» DATA BELOW:
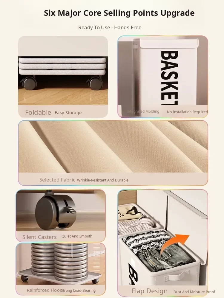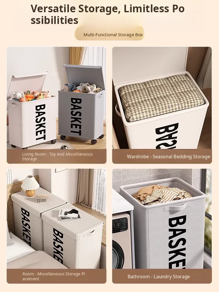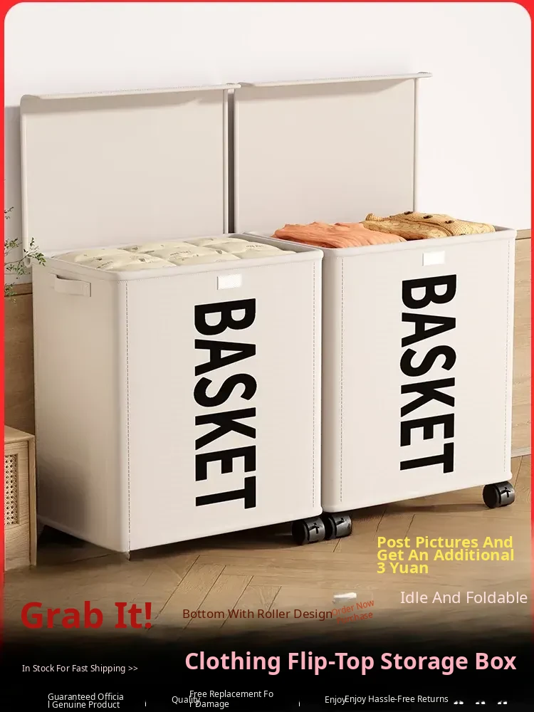 Large Size with Lid✅Ivory White [All-Round Rotating Pulley | Extra Large Capacity | Thick Steel Frame]
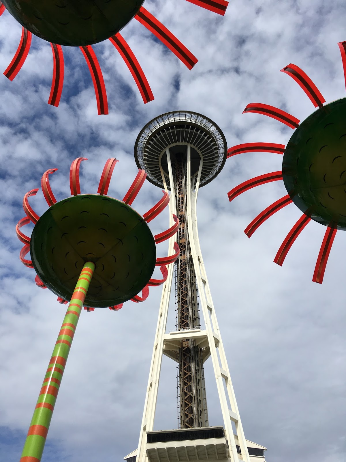 An angle on the Space Needle shot through some floral metal sculptures (hard to tell from this angle, but the flowers are about the height of light posts).
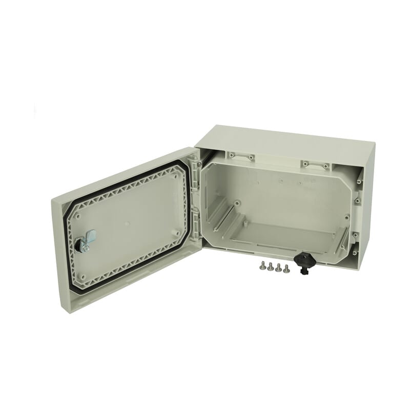 Sisältää : Kaapin alaosa, ovi PUR tiivisteellä, ruuvit asennuslevylle. 3mm kaksoislehtilukko(t) avaimella. S versiot kääntökahvalla. Oviohjain sisältyy. Ei sisällä asennuslevyä. IP66; IK10
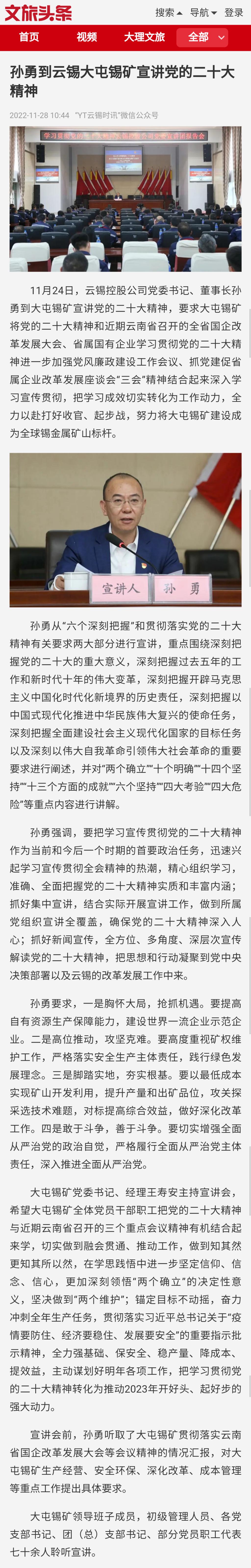文旅頭條:孫勇到云錫大屯錫礦宣講黨的二十大精神

» PROMPT: Output a faithful copy of the data, with each picture left out.

» ANSWER FOR THE TASK:
 Large Size with Lid✅Ivory White [All-Round Rotating Pulley | Extra Large Capacity | Thick Steel Frame]
 An angle on the Space Needle shot through some floral metal sculptures (hard to tell from this angle, but the flowers are about the height of light posts).
 Sisältää : Kaapin alaosa, ovi PUR tiivisteellä, ruuvit asennuslevylle. 3mm kaksoislehtilukko(t) avaimella. S versiot kääntökahvalla. Oviohjain sisältyy. Ei sisällä asennuslevyä. IP66; IK10
文旅頭條:孫勇到云錫大屯錫礦宣講黨的二十大精神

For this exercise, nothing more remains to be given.